American novelist (born in 1958)

Lee Oser (born in 1958) is an American novelist, Christian humanist, and literary critic. He is a former president of the Association of Literary Scholars, Critics, and Writers. He teaches religion and literature at the College of the Holy Cross, in Worcester, Massachusetts.

== Biography ==
Lee Oser was born in New York City in 1958. He is of Irish Catholic and Russian Jewish descent. He attended public high school on Long Island. After playing in rock bands and working odd jobs in Portland, Oregon, he received a B.A. from Reed College in 1988 and a Ph.D. in English from Yale University in 1995. The College of the Holy Cross hired him in 1998. As a scholar, he began his career in the field of literary modernism and is a scholar of the poet T. S. Eliot.

Oser has published several books of literary criticism and four novels, including Oregon Confetti, named by Commonweal as one of its top books of 2017.

== Novels ==

=== Out of What Chaos ===

Set on the West Coast during Bush II's first term, Out of What Chaos (Scarith, 2007) showcases the escapades of Rex and The Brains as they break into the Portland rock scene, record their first CD, and tour from Vancouver to LA behind their chart-topping single, "F U. I Just Want to Get My Rocks Off". In the end, the boys must make a decision about how to live.

Literary critic and theorist Jean-Michel Rabaté called Oser a "worthy debater" and praises Out of What Chaos, saying he "enjoyed it fully."

=== The Oracles Fell Silent ===
Oser's second novel follows its predecessor by exploring the intersection of pop culture and religion. The young narrator, Richard Bellman, recounts his experience as personal secretary to a sixties' rock legend, Sir Ted Pop.

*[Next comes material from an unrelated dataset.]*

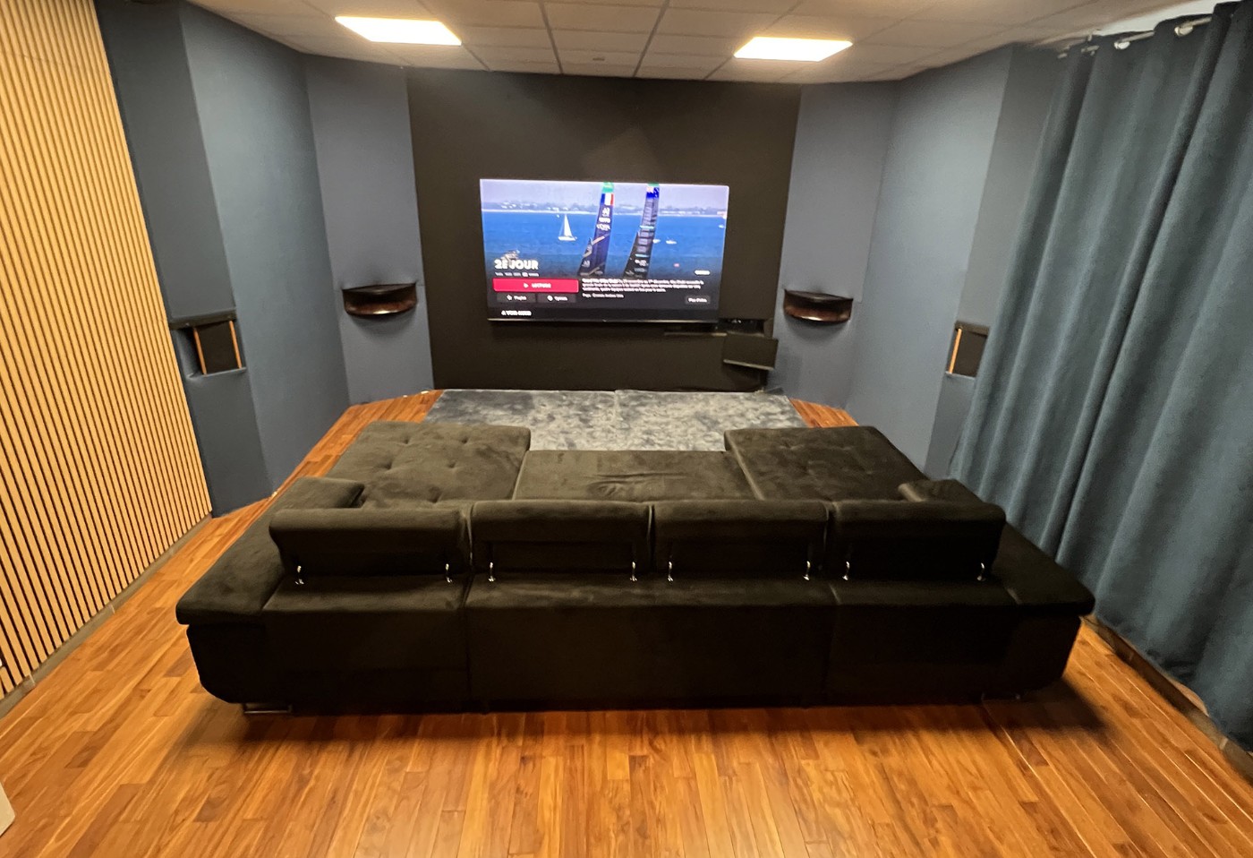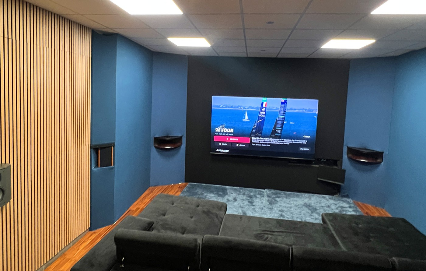 Ce n'est pas une salle dédiée et exclusivement réservée à l'écoute de la musique ou aux visionnage de films, d'ou le choix d'une grande TV et d'un mur acoustique qui intègre les enceintes et rends l'ensemble de l'installation invisible, le but étant de rester WAF compatible.

Early reviews have praised the novel, while focusing on Oser's attempt to address contemporary culture from a Catholic point of view.

=== Oregon Confetti ===

In Lee Oser's fourth novel, Oregon Confetti, Portland art dealer Devin Adams has been so successful conning the local Philistines that he can no longer tell actual art from the highly profitable junk that supports his living. But the sudden appearance on his doorstep of the great painter John Sun, bearing a strange child, changes all that, confronting Devin with the hard facts of his life, from his lusts and obsessions to his own small part in a mass psychosis that denies the existence of love.

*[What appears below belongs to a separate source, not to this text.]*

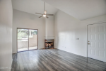 Enter to find living room w/vaulted ceilings flooded with natural light. The living room offers a cozy woodburning fireplace & open layout between kitchen, dining and living. Enjoy cooking & entertaining w/kitchen featuring waterfall quartz countertop & stainless steel appliances. Guest bath is a full bathroom. Inside stack laundry included. Step outside to not one, but 2private patios off bedrooms-ideal for morning coffee or evening unwinding. Up the stairs to the huge primary suite w/walk-in closet & a full bath. Stay cool year-round w/brand-new A/C unit & enjoy the comfort of ceiling fans throughout. Located just steps from scenic Stone Creek walking paths & Golf Course. Community pool, BBQs, fitness ctr & assigned parking

Critic Anthony Domestico lists the novel among Commonweals Top Books of 2017, saying "Antic, absurdist, comic, and Catholic, this ribald novel grows out of the Evelyn Waugh and John Kennedy Toole tradition." In other reviews of Oregon Confetti, Oser's Catholic vantage point remained a source of contention. Critic Joseph Pearce listed Oregon Confetti in his list of "The Best of Contemporary Christian Fiction".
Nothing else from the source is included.